Fine Food Dude is a restaurant and food writer focusing on dining in Hong Kong and gastronomic capitals around the world. For independent, informed, and honest reviews, Michelin-starred chef interviews, travel features, and more visit his site for more posts.
Contributed by: Fine Food DudeFew streets in Hong Kong have been transformed by restaurants as much as Upper Station Street. You can see why as traffic is minimal, the low-rise neighbourhood is (or was) pretty quiet and diners and drinkers can stumble there from Soho and Central in a matter of minutes.
One of the newest tenants and neighbour to Upper Modern Bistro et al is Crafty Cow. The premise is that their food is ‘third culture’ – showcasing ‘the many native flavours we experienced during our childhood years abroad’. It’s an interesting concept to celebrate this marriage of cultures, in theory genuine fusion. In reality, off the back of our recent dinner, it seems more about pretty heavy food to soak up multiple craft beers.
The menu is a veritable riot of hashtags, imploring diners to ‘#Jointheherd’ for ‘#beefandbeer’, not forgetting there’s ‘#noservicecharge’. I’m clearly getting old(er), but couldn’t help feeling #enoughalready.
We rocked up and were lucky to get two seats at the bar as it was a busy Friday night, allowing us to see the kitchen at work. The welcome was warm and genuine, the service swift, but the feel in the small space is definitely more bar than restaurant.
The menu features five headings, ‘teppan’, ‘snack’, ‘graze’, ‘munch’ and #BYOB (there’s another), i.e. ‘Build your own Bao’. The vegetarian is a sweet potato fry connoisseur and they hit the mark for her, straight from the freezer into the fryer and into a bowl. The accompanying sambal mayo needed more sambal to justify its name.

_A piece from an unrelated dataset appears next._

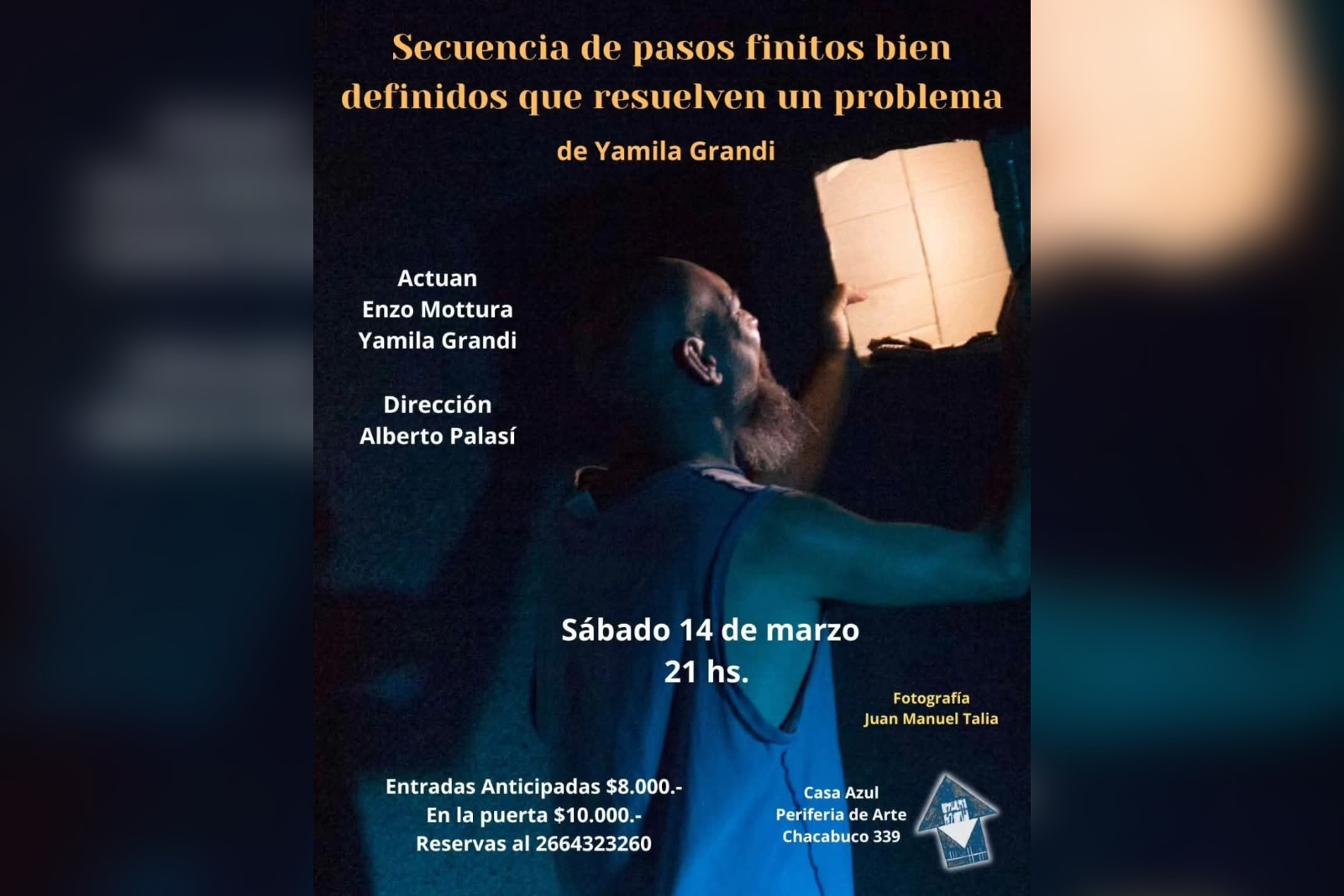La producción, apta para mayores de 16 años, subirá a escena este sábado 14, a las 21:00, en el espacio cultural Casa Azul que se encuentra en calle Chacabuco 339 de la capital provincial. Las entradas anticipadas tienen un valor de $8.000 por persona, aunque en boletería, previo a la función, costarán $10.000. Las reservas se pueden realizar al 2664-323260 (cupos limitados).

The calamari was described as follows: “Wednesday Pussycat – beer battered – shichimi togarashi – wasabi sabayon”. It turns out that Wednesday Pussycat was the type of beer used to batter the squid, not that you would have been able to discern it. A sabayon (or zabaglione as it’s known in Italy) is generally a light egg-based dessert, but here it was essentially a wasabi mayo – a greener version of the aforementioned sambal mayo. The shichimi togarashi, that Japanese cure-all seven spice mix, was lost in translation. So despite the exotic description, it came off as pretty generic squid rings:
Tofu did what tofu does, namely keep a non-carnivore happy. The ‘Khmer dressing’ was interesting, if impossible to discern.
Incidentally, this is what you get if you Google ‘Khmer Dressing’, as I did.
We didn’t deliberately order the most unhealthy items on the menu, but it seemed to turn out that way as our arteries were once again assaulted. ‘Big Ass Truffle Grilled Cheese’ seemed to have gone on a diet and lost its allegedly shapely rear. Some corners lacked any filling and while I wasn’t expecting a return to my truffle epiphany in Alba, more of a nod to the noble tuber would have been appreciated.
Finally to the ‘Build Your Own Bao’, in my case beef, kimchi and some sort of BBQ sauce. Pretty underwhelming and pretty small for $64. All told we left shy of $550 (#noservicecharge #tipthecow). They do have an interesting selection of beers, so if you’re up for a few of them and need something to soak it up, then you could choose worse places. But paying $400 for a steak or indeed $150 for bull’s balls (Rocky Mountain Oysters) wouldn’t see me rushing back.